Giant Mustard (Rapistrum rugosum)

Giant Mustard (Rapistrum rugosum), an upright European annual that in good conditions reaches heights of nearly 2 m.

This ‘Short-fruited Wild Turnip’ has a growth form similar to the related Wild Turnip (Brassica tournefortii), but with short, rounded seed pods and a winter-spring growth pattern. Introduced to Australia in shipments of contaminated seed, an 1880 record at Campbelltown SA precedes consistent collections from the early 1900s, as Federation was accompanied by changing patterns of agriculture and trade.

At least one 1916 writer was unusually clear-eyed in identifying the Mediterranean sources of incursion for this latest arrived mustard, drawing repeated attention to discovery of Giant Mustard seeds in consignments of Canary Seed from Italy and Morocco, and of Sheep’s Burnet from France. The species was collected on NSW’s NW Slope from 1906; in Victoria, the first record is a 1910 collection from Bacchus Marsh.
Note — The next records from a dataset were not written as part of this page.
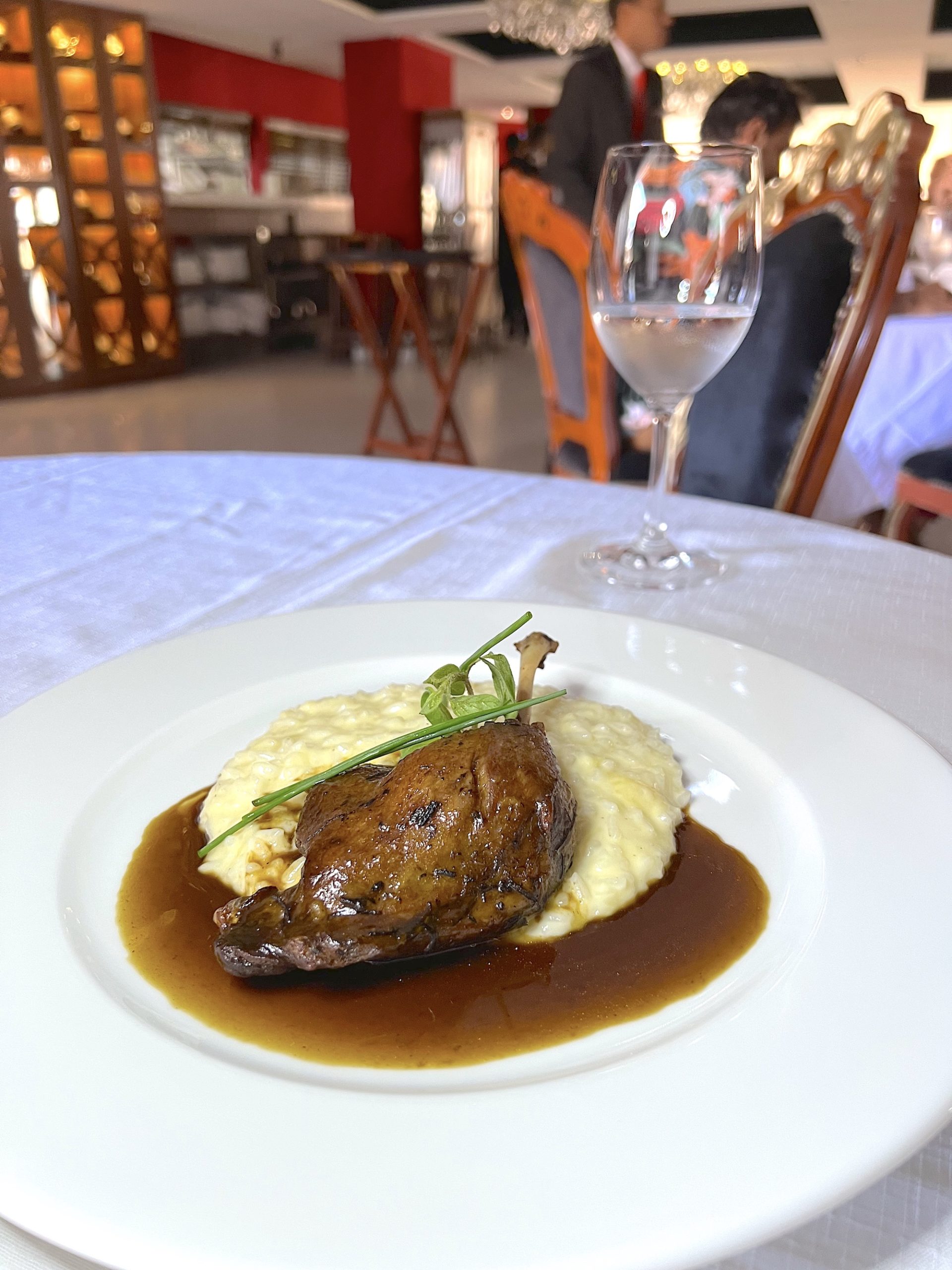 O Arroz de pato é uma das “sugestões do chef” e ganhou uma nova apresentação, porém sem perder a essência. É carregado de sabor e ficou muito bom. Outra boa opção é o Confit de pato com risoto de parmesão. Já a Sopa de frutas vermelhas servida com sorvete de creme é uma sobremesa leve e refrescante. Uma delícia!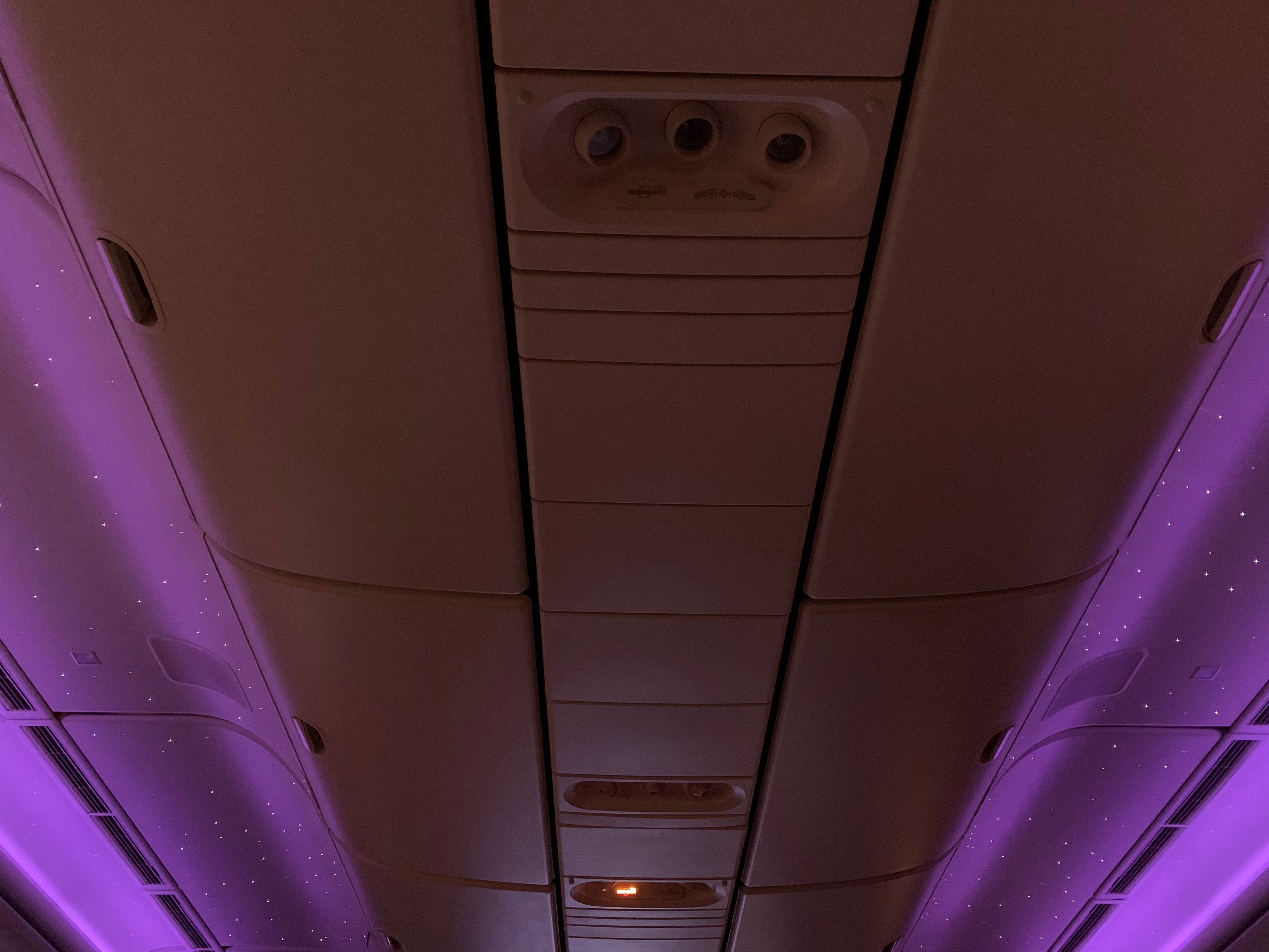 各座席には独自の頭上の温度制御ノズルと読書灯が付いています。ただし、各座席の横には読書灯もあります。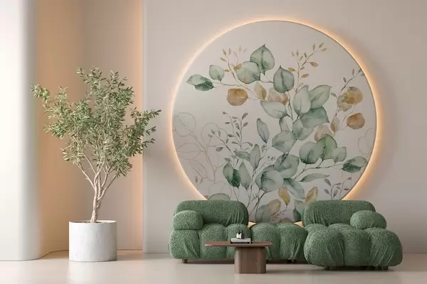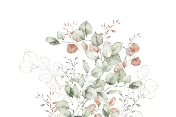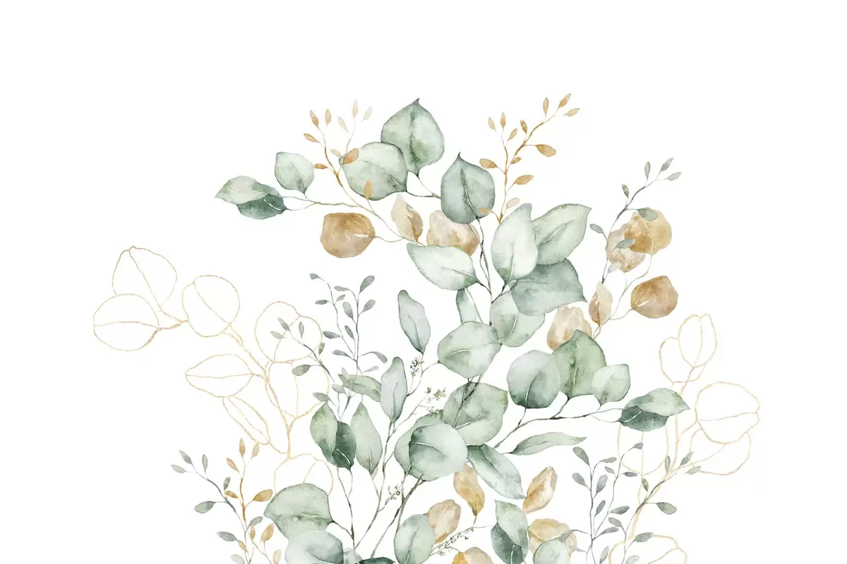 Fototapety Vegetace a větve imitující strukturovaný akvarel, odstíny zelené a žluté barvy Č. w03927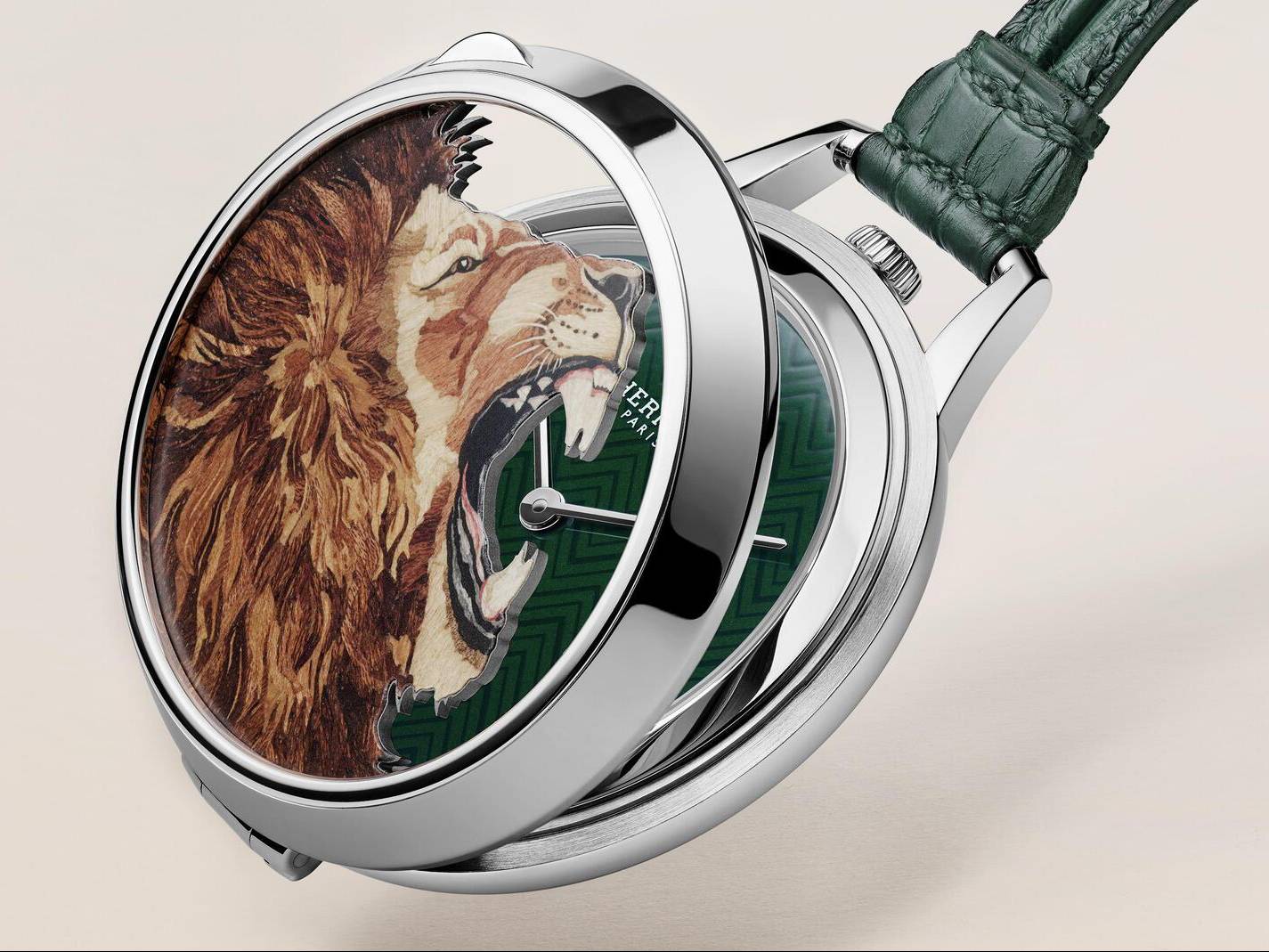 Straight from the savannah, the Hermès Slim d’Hermès Pocket Roaaaaar! features a roaring lion in wood marquetry. The king of the jungle displays his incredible mane on the openworked cover, which reveals a dial in vert cyprès or bleu saphir Grand Feu enamel. Ten precious wood species, including amaranth and tulipwood, were chosen to remain faithful to the original design by British artist Alice Shirley.

Although never as disruptive to wheat cropping as B. tournefortii (which we’ll cover when in flower), Giant Mustard’s early seed set allows it to establish an endemic presence in heavier fields, and it was occasionally noted as a troublesome weed in SA’s peninsular wheat areas.

In WA, where B. tournefortii had been extremely damaging in the 1920s and 1930s, Giant Mustard’s sudden expansion in the Midlands in the wet year of 1939 provoked alarm at the appearance of another alien mustard menacing the state’s wheat regions. That year, a colony of Giant Mustard—reportedly present at Nangetty since the late 1920s—had expanded ‘from an area of a few acres to almost five hundred,’ as good rainfall revealed that ‘from its original place of establishment… it has spread over this area, and is now along the roadsides for about ten miles’.

Like other mustards the plant can taint butter and meat, but it never established a dominant presence on grazing land that would have made it a public enemy and perennial CSIRO project. In Melbourne, it is found principally on heavier soils dampened at the edges of roads and drainages.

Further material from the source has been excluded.